Reply To: HBO's 'Newsroom'

#17076
jmherbener
Participant

The claim about Glass-Steagall is a red herring. The part of Glass-Steagall (the Banking Act of 1933) that was repealed in 1999 under the Bill Clinton administration was the separation between commercial and investment banking. That commercial banks were free to underwrite securities had little to do with the financial crisis. Without Fed driven monetary inflation and credit expansion, banks would not have been able to extend credit into less and less credit worthy lines of investment.

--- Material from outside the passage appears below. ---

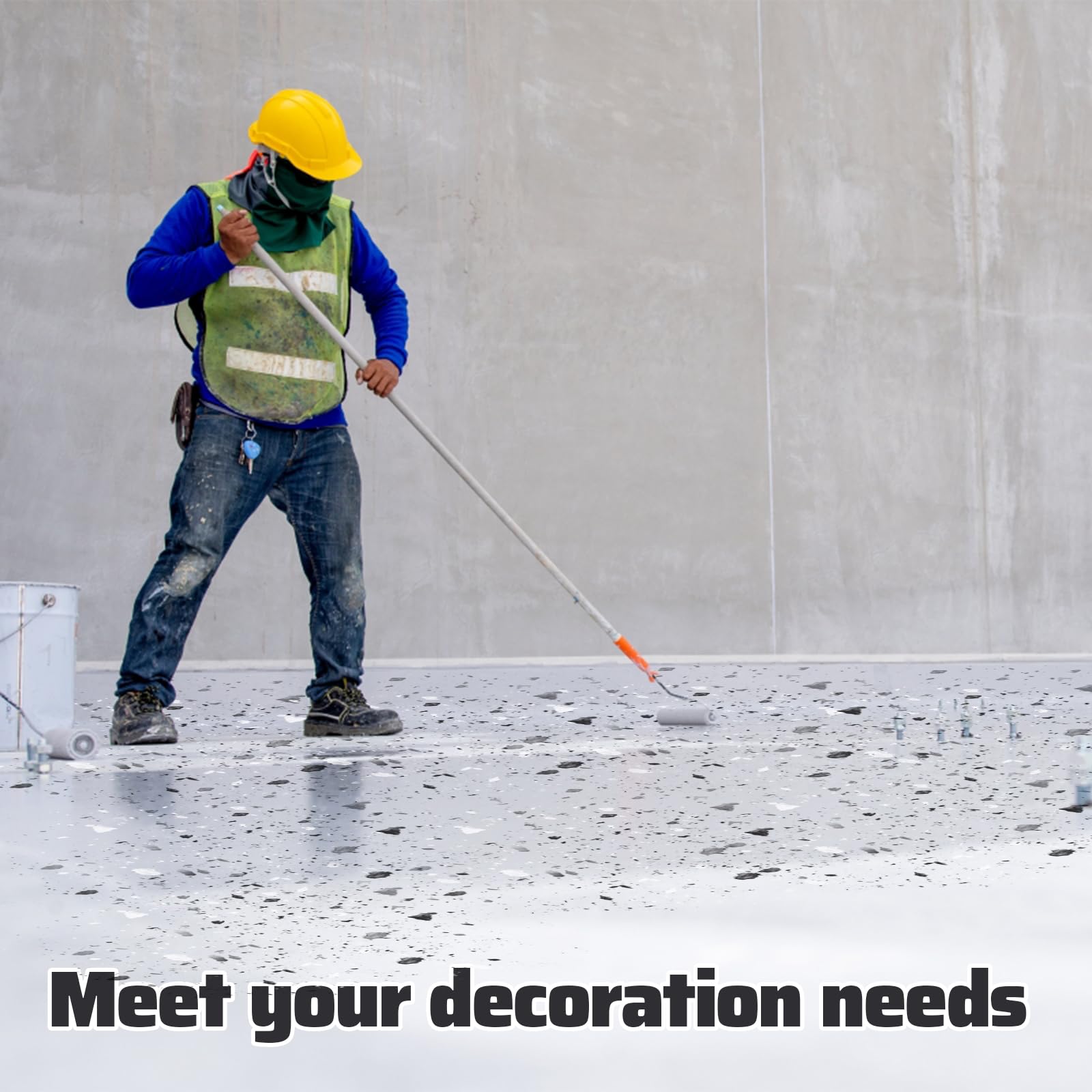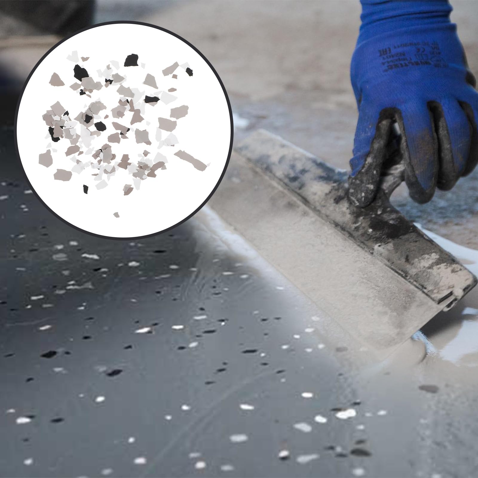 Easy to Apply: our floor flakes are easy and convenient for you to use, you just need to sprinkle a layer of concrete floor coatings on the ground, and then apply a layer of paint to complete the construction, to achieve a permanent adhesion

Here’s our own Tom Woods on Glass-Steagall (and note his reference to his book, _Rollback_):

http://www.tomwoods.com/blog/repeal-of-glass-steagall-had-nothing-to-do-with-the-crisis/

The debt-default claim is scaremongering. If the federal government hit the debt limited, it could still service all of its debt up to the limit. For example, if the limit is $15 trillion and the federal debt rises to $15.1 trillion, then $100 billion of debt would need to be retired to stay within the limit. This could be done by not issuing additional debt to replace the debt that is maturing. Even if the federal government defaulted on the $100 billion, it would not disrupt the entire federal debt market let alone broader financial markets. Even if the federal government defaulted on all its debt, it would help, not hurt, broader financial markets. It would free up capital funding for entrepreneurs. It would have no particular effect on the dollar unless it was a harbinger of a change in monetary policy or money demand.